Adaptation de La Chanson des Nibelungen, une légende scandinave reprise par les conteurs germaniques, Les Nibelungen est un film d'environ cinq heures, divisé en deux parties d'égale durée : La Mort de Siegfried et La Vengeance de Kriemhild. Dans cette première moitié, nous suivons donc le destin de Siegfried, héros germanique ambitieux et courageux, dans sa quête pour obtenir la main de Kriemhild, la soeur du roi des Burgondes.



Dans une première heure très rythmée, on nous présente donc le jeune homme, forgeron doué, dans de nombreuses péripéties : il affronte un dragon, trouve le trésor d'un nain, et doit ensuite affronter la redoutable Brunhild au cours de trois épreuves afin de pouvoir enfin conquérir sa bien aimée. Fritz Lang nous livre ici un récit d'aventures formidable, mettant en images les légendes nordiques avec un sens inégalable du visuel : l'affrontement avec le dragon est ainsi l'occasion d'images qui resteront gravées à jamais dans l'histoire du cinéma. On appréciera par ailleurs la qualité des effets spéciaux, modèles d'inventivité avec ces jeux de surimpression ou cette maquette de seize mètres animée par des hommes cachés à l'intérieur.
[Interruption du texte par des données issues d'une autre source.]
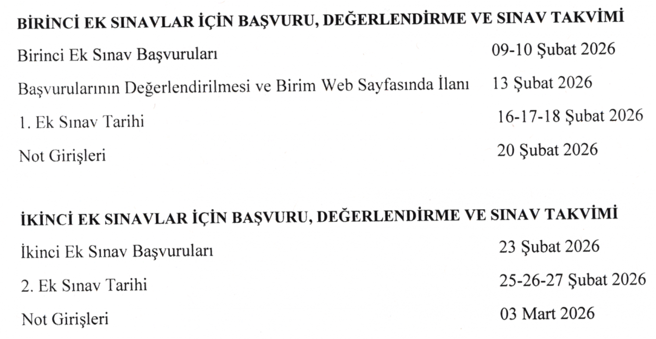 Azami Süresi Dolan Öğrencileri İçin Ek Sınav Tarihleri

La seconde moitié de cette première partie se concentre sur les intrigues de palais, avec ses complots et ses trahisons. Magie du film muet, nous n'avons guère besoin de beaucoup d'explications pour comprendre les différents enjeux, et les panneaux de dialogue sont assez rares pour ne pas ralentir le film. On a alors tout le loisir d'apprécier l'évolution des différents personnages, d'une Kriemhild qui paraît d'abord bien cruche avant de se révéler implacable dans le final, à Siegfried dont l'arrogance et la trop grande confiance le mèneront à sa perte, en passant par le roi Gunther, incapable de s'imposer à une épouse offerte par le héros.
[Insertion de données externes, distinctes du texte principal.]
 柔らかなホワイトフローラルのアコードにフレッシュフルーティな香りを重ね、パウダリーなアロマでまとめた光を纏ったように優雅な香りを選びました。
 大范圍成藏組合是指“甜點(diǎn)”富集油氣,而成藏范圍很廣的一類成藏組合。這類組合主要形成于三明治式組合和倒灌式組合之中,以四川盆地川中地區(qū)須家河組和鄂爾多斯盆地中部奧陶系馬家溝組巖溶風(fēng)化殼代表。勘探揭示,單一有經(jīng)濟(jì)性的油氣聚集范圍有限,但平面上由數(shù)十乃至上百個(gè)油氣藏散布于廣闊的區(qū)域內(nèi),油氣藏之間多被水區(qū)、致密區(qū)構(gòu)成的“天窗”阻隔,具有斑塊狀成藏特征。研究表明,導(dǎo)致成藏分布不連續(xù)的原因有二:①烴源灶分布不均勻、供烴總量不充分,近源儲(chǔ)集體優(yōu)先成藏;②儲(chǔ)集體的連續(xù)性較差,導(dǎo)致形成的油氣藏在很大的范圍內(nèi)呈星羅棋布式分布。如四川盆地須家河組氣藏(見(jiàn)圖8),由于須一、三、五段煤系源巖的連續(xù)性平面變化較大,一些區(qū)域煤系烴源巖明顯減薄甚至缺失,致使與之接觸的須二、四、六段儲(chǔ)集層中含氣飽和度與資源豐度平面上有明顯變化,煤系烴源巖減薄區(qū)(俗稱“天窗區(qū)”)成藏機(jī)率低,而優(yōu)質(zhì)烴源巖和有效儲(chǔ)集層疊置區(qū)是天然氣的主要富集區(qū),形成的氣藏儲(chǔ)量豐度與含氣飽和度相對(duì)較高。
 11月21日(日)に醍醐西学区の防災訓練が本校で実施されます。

La réalisation de Lang permet d'instaurer un souffle étonnant dans cette seconde moitié pourtant bien plus calme, insistant largement sur les troubles des différents personnages et sur le destin inexorable de Siegfried (on relèvera d'ailleurs un court mais magnifique passage en animation, ou une superbe transformation d'un arbre en crâne humain). Il réserve encore quelques passages magnifiques, comme la mort du héros, transpercé par une lance dans un décor idyllique.
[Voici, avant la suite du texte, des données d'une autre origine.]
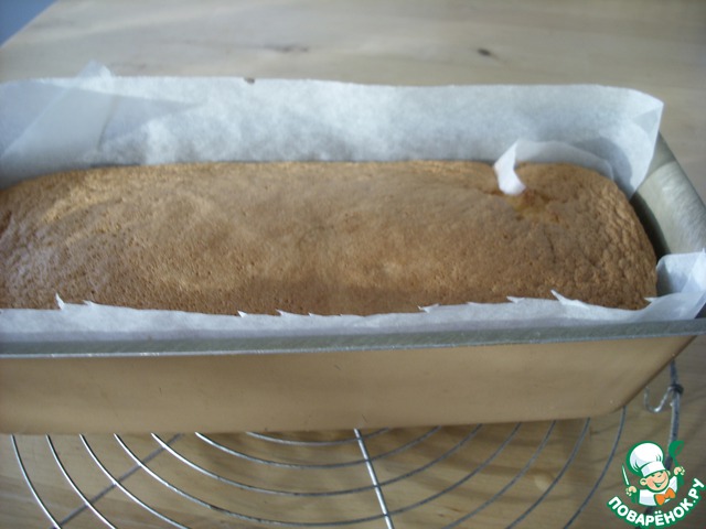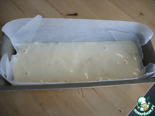 Прямоугольную форму для кекса застелить пергаментом, влить наше тесто и выпекать в заранее разогретой духовке при 180 гр 30-35 минут. Размер моей формы 30х10 см, высота бортика 7 см.

Les Nibelungen : la mort de Siegfried est ainsi une des plus grandes oeuvres de l'histoire du cinéma, avec une première heure épique et spectaculaire, avec un univers d'une incroyable richesse, et une seconde moitié plus calme mais presque aussi prenante. Avec quelques scènes mémorables et le talent de Fritz Lang et la qualité des effets spéciaux, le film résiste en plus admirablement aux assauts du temps, restant étonnamment moderne et bien plus réussi que tous les films de fantasy des 90 dernières années.